To create a trace event without using a decorator (e.g., for a specific piece of code), you can use the context manager:

import uuid

from tracely import init_tracing
from tracely import create_trace_event

init_tracing()

session_id = str(uuid.uuid4())

with create_trace_event("external_span", session_id=session_id) as event:
    event.set_attribute("my-attribute", "value")
    # do work
    event.set_result({"data": "data"})

You can also trace multi-step workflows using context blocks. This gives you fine-grained control — useful when tracing inline code or scripts. For example, you can nest multiple create_trace_event() calls inline inside the same function, using with blocks.
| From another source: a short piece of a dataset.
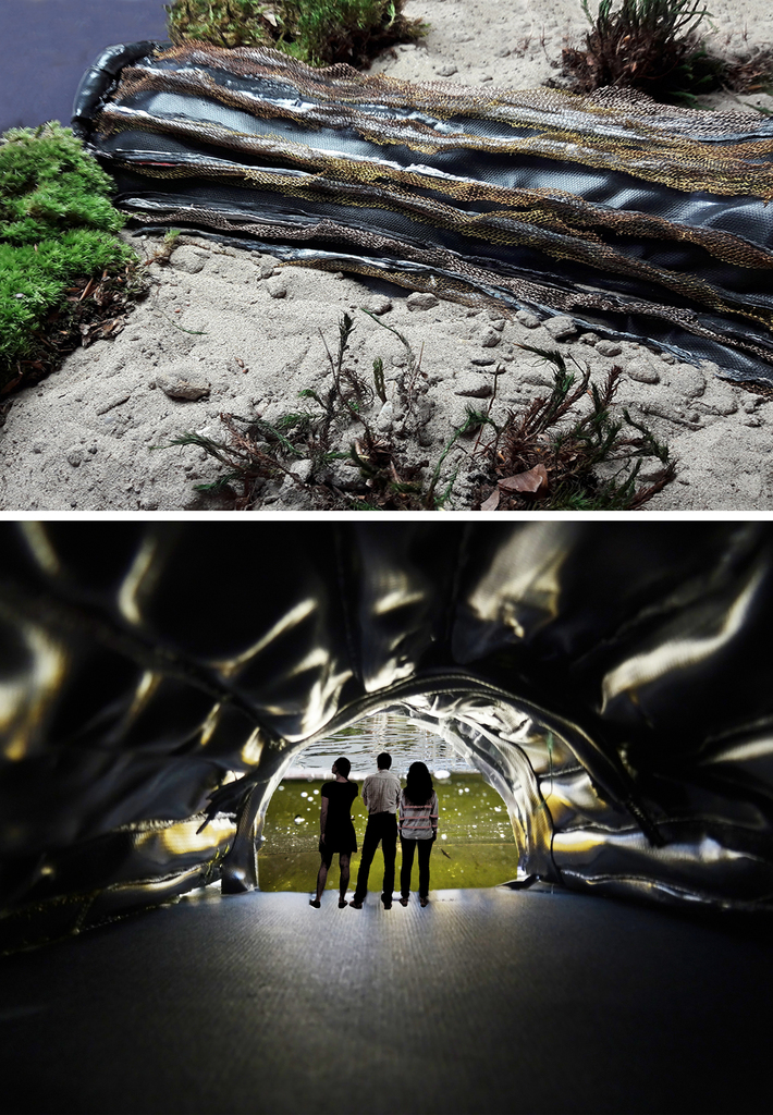 Men wil voor het Immerlo park in Arnhem Zuid een ontmoetingsplek. Dat kan zijn; een paviljoen, een andersoortig bouwwerkje of een buitenplek waar mensen kunnen zitten Het kan ook een beeld zijn dat juist niet vanuit een dergelijke gebruiksfunctie is bedacht, maar wel de plek markeert en juist hier iets toevoegt, specifiek voor deze plek. Het kan een heel persoonlijk gebaar zijn waarin je een stempel zet op de locatie. Het werk kan overal in het park bedacht worden, ook in het water van de plas. Mijn idee is een buisvormig paviljoen gemaakt van bewerkt rubber. Dit houdt regen, wind en lawaai tegen. Het paviljoen ligt gedeeltelijk onder de grond zodat je half onder water kunt kijken. Geen stoelen en tafels maar actief blijven staan, rondlopen, met elkaar praten en kijken naar wat er in het water te zien is. Zijn er vissen???? Hoe groot zijn die??? Zomers kun je er zwemmen, dus ook onder water. - Uitgevoerd in rubber zodat het regen, wind en geluid tegen kan houden. - Staat op de grens van land en water. - In een buisvorm zodat het mooier in het landschap past. Met bovenop korstmossen of vetplanten. - Aan de voorkant een raam dat uitzicht biedt aan zowel het onderwater als de oppervlakte van het water van de plas. Zoals in dierentuinen wel wordt toegepast. - Zonder banken of stoelen zodat er interactief gekeken kan worden wat er zich afspeelt in en onder het water. - Ingang via een deur aan de achterkant. - Hoogte 2.50 meter. Breedte 4.50 meter. Lengte 6.00 meter.

def process_document(document):
    with create_trace_event("document_processing", document=document):
        with create_trace_event("extraction"):
            ...
        with create_trace_event("summarization"):
            ...

create_trace_event Function Arguments

ParameterDescriptionDefault
nameSpan name.-
parse_outputWhether to parse the result into separate fields for dict, list, or tuple types.True
paramsKey-value parameters to set as attributes.-

event Object Methods

MethodDescription
set_attributeSets a custom attribute for the event.
set_resultSets a result for the event. Only one result can be set per event.

Sessions

If your trace events are created in separate functions or threads you can also pass a shared session_id. In this case traces will be separate but you can view the session in the UI to join them together - e.g. to read the chat conversation.
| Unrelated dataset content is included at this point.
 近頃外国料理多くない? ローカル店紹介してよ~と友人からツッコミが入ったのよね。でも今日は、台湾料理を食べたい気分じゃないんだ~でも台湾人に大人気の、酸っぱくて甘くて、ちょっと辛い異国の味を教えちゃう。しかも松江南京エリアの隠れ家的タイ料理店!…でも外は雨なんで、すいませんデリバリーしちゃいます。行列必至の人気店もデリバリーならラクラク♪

See the example above the “Context Manager” session.

Add event attributes

If you want to add a new attribute to an active event span, you can use get_current_span() to get access to the current span:

import uuid

from tracely import init_tracing
from tracely import create_trace_event
from tracely import get_current_span

init_tracing()

session_id = str(uuid.uuid4())

with create_trace_event("external_span", session_id=session_id):
    span = get_current_span()
    span.set_attribute("my-attribute", "value")
    # do work
    span.set_result({"data": "data"})

get_current_span() Object Methods

MethodDescription
set_attributeAdds a new attribute to the active span.
set_resultSets a result field for the active span. (Has no effect in decorated functions that define return values).

Connecting event into a trace

Sometimes events happen across different systems, but it’s helpful to link them all into a single trace. You can do this using tracely.bind_to_trace:

@tracely.trace_event()
def process_request(question: str, session_id: str):
    # do work
    return "work done"

# trace id is unique 128-bit integer representing single trace
trace_id = 1234

with tracely.bind_to_trace(trace_id):
    process_request(...)

In this example, instead of creating a new trace ID for each event, all events will be attached to the existing trace with the given trace_id.

In this case you manage the trace_id yourself, so you need to make sure it’s truly unique. If you reuse the same trace_id, all events will be joined, even if they don’t belong together.